I,ve found that when using 5/8 [if you did] the tapers seem to be deeper than 1/2 . Even 45 will slightly shrink thus your problem---did you do all coats in one day? Basements are tough.[drying times] I prefer 20 durabond [brown]in this situation and ezsand20[white]and as much as it sucks/I hate applying last coat same day [bubbles] but I usually do.


----------



## 2buckcanuck

if you did what mudstar stated ,taped with a hot mud,then most likely that.temperature maybe,if i remember my F temp,30 is 0 c,cold yes,but did the room temp fall to that.combine those 2 and there's trouble though.


----------



## AQC

I did 1 coat a day to let it dry. After I finish sanded it did not get primed until the next day over 24 hrs . I am going tonight to look at it.


----------



## Tim0282

I have seen that about a ten degree swing in temp. (up or down) will cause it to crack like that. Sounds like you did everything right.


----------



## proficient Mudder

I was asked to inspect a basement a few months ago with the same problem that another drywall company had finished. I came to the conclusion that the floor joist in some areas were moving enough when the family was walking around upstairs to stress the buttjoints and give the hairline cracks. 

Bill


----------



## Mudstar

proficient Mudder said:


> I was asked to inspect a basement a few months ago with the same problem that another drywall company had finished. I came to the conclusion that the floor joist in some areas were moving enough when the family was walking around upstairs to stress the buttjoints and give the hairline cracks.
> 
> Bill



What about all those 2 story houses........ that was a lame answer and you probably had them believe you too. 

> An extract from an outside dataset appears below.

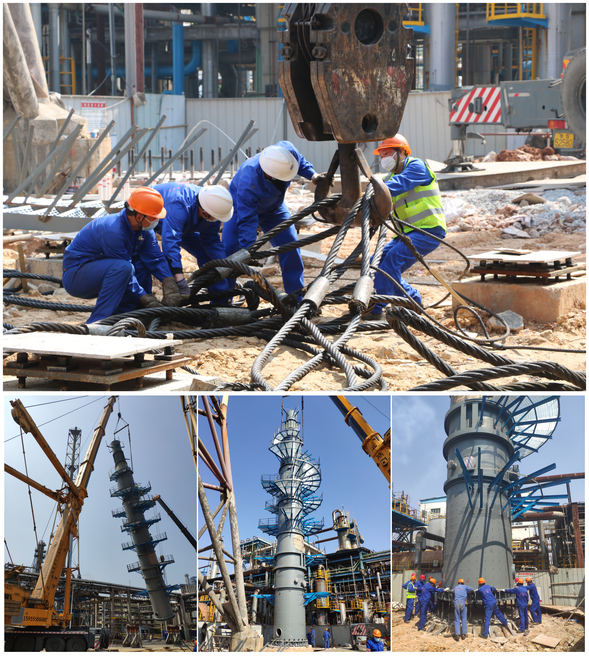 此次吊裝的脫硫塔下段,高33米,直徑3.043米,塔體及設(shè)備平臺(tái)、爬梯等附塔物總重達(dá)76噸。由于作業(yè)場地面積有限、周邊構(gòu)筑物障礙多、吊重荷載大等諸多困難,吊裝任務(wù)異常艱巨。對此,安慶分公司領(lǐng)導(dǎo)高度重視,提前謀劃,從地基處理、吊車站位、吊點(diǎn)選擇等角度,實(shí)地考察,制定針對性專項(xiàng)吊裝方案及防護(hù)措施,按照方案要求采用額定荷載500噸的汽車吊主吊,220噸的汽車吊溜索,實(shí)施雙機(jī)配合吊裝作業(yè)。吊裝前期,還特別邀請公司副總經(jīng)理高飛和相關(guān)部門負(fù)責(zé)人親臨項(xiàng)目現(xiàn)場進(jìn)行指導(dǎo)。

At least your not cutting up the other trades workmanship like some would.


----------



## Mudstar

:whistling2:


----------



## silverstilts

Probably used that (GREAT) mesh tape huh?


----------



## 2buckcanuck

silverstilts said:


> Probably used that (GREAT) mesh tape huh?


(great white) mesh tape with hotmud #45


----------



## SlimPickins

Mudstar said:


> What about all those 2 story houses........ that was a lame answer and you probably had them believe you too.
> 
> At least your not cutting up the other trades workmanship like some would.


Yeah, because he said that all basements have movement in the floor joists above. It just isn't possible that the floor joists were improperly installed without any stabilization.

I think it's funny how critical, opinionated, and adamant you guys can be. I can't see how anyone else out here makes a living doing anything that differs from your methods since you're all always right.


----------



## DSJOHN

SlimPickins said:


> Yeah, because he said that all basements have movement in the floor joists above. It just isn't possible that the floor joists were improperly installed without any stabilization.
> 
> I think it's funny how critical, opinionated, and adamant you guys can be. I can't see how anyone else out here makes a living doing anything that differs from your methods since you're all always right.


Slim,I gotta agree with ya====== this guy never gives advice--just lets all know how great he is--- I,m guessing he has a little weiner and needs to justify his manliness by taking jabs at everyone


----------



## Mudstar

SlimPickins said:


> Yeah, because he said that all basements have movement in the floor joists above. It just isn't possible that the floor joists were improperly installed without any stabilization.
> 
> I think it's funny how critical, opinionated, and adamant you guys can be. I can't see how anyone else out here makes a living doing anything that differs from your methods since you're all always right.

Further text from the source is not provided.